Rupert Murdoch's News Corp., which now owns the Wall Street Journal, received a $20.7 million subsidy in 1996 from New York city and state and a $24.4 million subsidy in 1998 for a new printing plant in the Bronx for the New York Post. The New York Daily News received a subsidy of more than $35 million from New Jersey when it moved its printing plant there in 1993, according to Good Jobs New York, a group that is a watchdog on these special corporate tax breaks. And the New York Times received a subsidy of $28.7 million for a printing plant in Queens in 1993 and a subsidy of $18.7 million (the Times itself put the figure at $26.1 million, and noted that opponents said the subsidies could be as large as $70 million) in 2001 for its new headquarters building near Times Square in Manhattan.

And that's just New York.

Like baseball and movies, newspapering, no matter how frowny these days, is still powerful and noisy enough to qualify for the too-big-to-not-give-free-stuff-to exemption that most business over a certain size enjoy. Only through some fading sense of church/state separation propriety are those deals mostly limited to siting issues instead of direct cash handouts for newsroom operations.

And–never forget!–the aformentioned New York Times HQ was one of the more brazen examples you'll find of corporatism in the name of the little guy. From my 2005 column about it:

On September 24, 2001, as New York firefighters were still picking their comrades' body parts out of the World Trade Center wreckage, New York Times Co. Vice Chairman and Senior Vice President Michael Golden announced that the Gray Lady was ready to do its part in the healing.

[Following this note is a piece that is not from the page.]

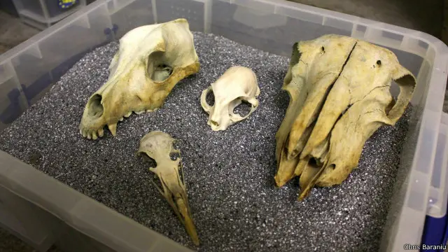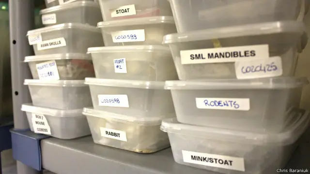"Tugas mereka adalah menghilangkan jaringan otot," kata Black. "Jadi jika seseorang menabrak kelinci di jalan dan membawanya pada kami, para pengumpul tulang akan mengulitinya dan meletakan bangkainya di antara kumpulan kumbang."

"We believe there could not be a greater contribution," Golden told a clutch of city officials and journalists, "than to have the opportunity to start construction of the first major icon building in New York City after the tragic events of Sept. 11." Bruce Ratner, president of the real estate development company working with the Times on its proposed new Eighth Avenue headquarters, called the project a "very important testament to our values, culture and democratic ideals."

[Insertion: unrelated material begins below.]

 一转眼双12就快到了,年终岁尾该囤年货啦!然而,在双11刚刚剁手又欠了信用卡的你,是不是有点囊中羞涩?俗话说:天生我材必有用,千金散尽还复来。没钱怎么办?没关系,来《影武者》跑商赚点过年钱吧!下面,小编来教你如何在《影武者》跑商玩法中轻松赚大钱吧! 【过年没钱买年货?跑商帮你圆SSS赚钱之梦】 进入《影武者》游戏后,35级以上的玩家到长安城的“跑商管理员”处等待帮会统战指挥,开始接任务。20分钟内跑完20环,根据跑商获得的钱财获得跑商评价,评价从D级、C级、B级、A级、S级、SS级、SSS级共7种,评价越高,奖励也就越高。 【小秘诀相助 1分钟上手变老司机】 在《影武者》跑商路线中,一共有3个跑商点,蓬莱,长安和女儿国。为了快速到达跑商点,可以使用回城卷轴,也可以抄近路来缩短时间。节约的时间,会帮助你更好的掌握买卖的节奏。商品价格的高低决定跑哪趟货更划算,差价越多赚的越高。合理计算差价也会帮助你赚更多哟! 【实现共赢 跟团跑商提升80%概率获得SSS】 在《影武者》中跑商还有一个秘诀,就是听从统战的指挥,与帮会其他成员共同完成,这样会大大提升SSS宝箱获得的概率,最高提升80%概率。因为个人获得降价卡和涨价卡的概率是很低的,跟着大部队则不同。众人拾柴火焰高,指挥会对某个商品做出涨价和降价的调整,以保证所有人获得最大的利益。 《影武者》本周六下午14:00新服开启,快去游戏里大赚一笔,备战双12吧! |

Those "values" and "democratic ideals" included using eminent domain to forcibly evict 55 businesses--including a trade school, a student housing unit, a Donna Karan outlet, and several mom-and-pop stores--against their will, under the legal cover of erasing "blight," in order to clear ground for a 52-story skyscraper. The Times and Ratner, who never bothered making an offer to the property owners, bought the Port Authority adjacent property at a steep discount ($85 million) from a state agency that seized the 11 buildings on it; should legal settlements with the original tenants exceed that amount, taxpayers will have to make up the difference. On top of that gift, the city and state offered the Times $26 million in tax breaks for the project, and Ratner even lobbied to receive $400 million worth of U.S. Treasury backed Liberty Bonds--instruments created by Congress to help rebuild Lower Manhattan. Which is four miles away.?

Stoll link via Romenesko.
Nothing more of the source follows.